The /rowAccessPolicies resource mirrors the SDK shape:

curl -X POST \
  http://localhost:9050/bigquery/v2/projects/demo/datasets/sales/tables/orders/rowAccessPolicies \
  -H 'Content-Type: application/json' \
  -d '{
    "rowAccessPolicyReference": {
      "projectId": "demo",
      "datasetId": "sales",
      "tableId": "orders",
      "policyId": "eu_only"
    },
    "filterPredicate": "region = '\''EU'\''",
    "grantees": ["user:eu-analyst@example.com"]
  }'

The Python google-cloud-bigquery client also exposes the resource via client._http raw calls; future versions of the client are expected to add a higher-level wrapper.

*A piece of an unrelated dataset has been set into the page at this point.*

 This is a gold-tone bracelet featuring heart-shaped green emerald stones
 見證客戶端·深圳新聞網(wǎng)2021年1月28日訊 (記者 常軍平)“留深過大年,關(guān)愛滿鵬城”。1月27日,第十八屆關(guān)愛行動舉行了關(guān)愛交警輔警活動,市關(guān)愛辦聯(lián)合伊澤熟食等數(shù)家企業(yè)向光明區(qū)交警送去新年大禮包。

Querying as a granted caller

from google.api_core.client_options import ClientOptions
from google.auth.credentials import AnonymousCredentials
from google.auth.transport.requests import AuthorizedSession
from google.cloud import bigquery

session = AuthorizedSession(AnonymousCredentials())
session.headers["X-Bqemu-Caller"] = "user:eu-analyst@example.com"

client = bigquery.Client(
    project="demo",
    credentials=AnonymousCredentials(),
    client_options=ClientOptions(api_endpoint="http://localhost:9050"),
    _http=session,
)

rows = list(client.query("SELECT id FROM `demo.sales.orders` ORDER BY id"))
# Only EU rows visible: [Row((1,)), Row((2,))]

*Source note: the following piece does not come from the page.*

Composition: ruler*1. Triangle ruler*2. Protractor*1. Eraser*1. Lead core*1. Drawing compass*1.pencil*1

Querying as a non-granted caller

The same query with a different caller header returns zero rows:

session.headers["X-Bqemu-Caller"] = "user:other@example.com"
rows = list(client.query("SELECT id FROM `demo.sales.orders`"))
# []

Multiple policies on the same table

When more than one policy grants the caller, the emulator OR-combines the filters — a row is visible if any matching policy admits it. This matches BigQuery's documented "additive" semantics.

# Policy 1: EU rows only
curl -X POST .../rowAccessPolicies -d '{"rowAccessPolicyReference":...,
  "filterPredicate":"region = '\''EU'\''", "grantees":["user:m@x"]}'

# Policy 2: VIP rows only
curl -X POST .../rowAccessPolicies -d '{"rowAccessPolicyReference":...,
  "filterPredicate":"vip = TRUE", "grantees":["user:m@x"]}'

The granted caller now sees rows where region = 'EU' OR vip = TRUE.

Group-based grantees

Real BigQuery walks Google Workspace group membership; the emulator can't. To exercise group: grantees in tests, supply X-Bqemu-Groups alongside X-Bqemu-Caller:

session.headers["X-Bqemu-Caller"] = "user:eu-analyst@example.com"
session.headers["X-Bqemu-Groups"] = "data-readers@example.com"

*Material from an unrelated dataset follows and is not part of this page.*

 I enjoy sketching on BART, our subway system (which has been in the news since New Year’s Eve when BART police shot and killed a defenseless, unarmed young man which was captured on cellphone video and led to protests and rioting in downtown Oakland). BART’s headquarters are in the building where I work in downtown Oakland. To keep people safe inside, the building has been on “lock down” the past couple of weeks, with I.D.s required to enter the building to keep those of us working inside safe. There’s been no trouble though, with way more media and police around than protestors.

A grantee group:data-readers@example.com then matches.

Listing and managing policies

# List policies on a table
curl http://localhost:9050/bigquery/v2/projects/demo/datasets/sales/tables/orders/rowAccessPolicies

# Update (PUT replaces the policy entirely)
curl -X PUT .../rowAccessPolicies/eu_only -d '...'

# Delete
curl -X DELETE .../rowAccessPolicies/eu_only

# Batch-delete several at once
curl -X POST .../rowAccessPolicies:batchDelete \
  -d '{"policyIds":["eu_only", "vip"]}'

# IAM-shaped read of grantees
curl -X POST .../rowAccessPolicies/eu_only:getIamPolicy

INFORMATION_SCHEMA.ROW_ACCESS_POLICIES

SELECT policy_name, table_name, grantees, filter_predicate
FROM `demo.sales.INFORMATION_SCHEMA.ROW_ACCESS_POLICIES`;
Column Type
table_catalog STRING
table_schema STRING
table_name STRING
policy_name STRING
grantees STRING (comma-separated)
filter_predicate STRING
creation_time TIMESTAMP
last_modified_time TIMESTAMP

Limitations

  • Row access policies cannot be attached to SNAPSHOT or MATERIALIZED_VIEW tables (those are read-only artefacts).
  • Filter predicates may not contain subqueries or DML keywords. The emulator pre-screens against SELECT/FROM/INSERT/UPDATE/ DELETE/MERGE keywords and rejects unparseable expressions.
  • DML write targets are never wrapped — RAP is read-only by design. An UPDATE against a protected table mutates the rows the caller matched (the emulator does not silently widen the WHERE clause).
  • Group membership is modelled via the X-Bqemu-Groups header; a real Google-Workspace group lookup is out of scope.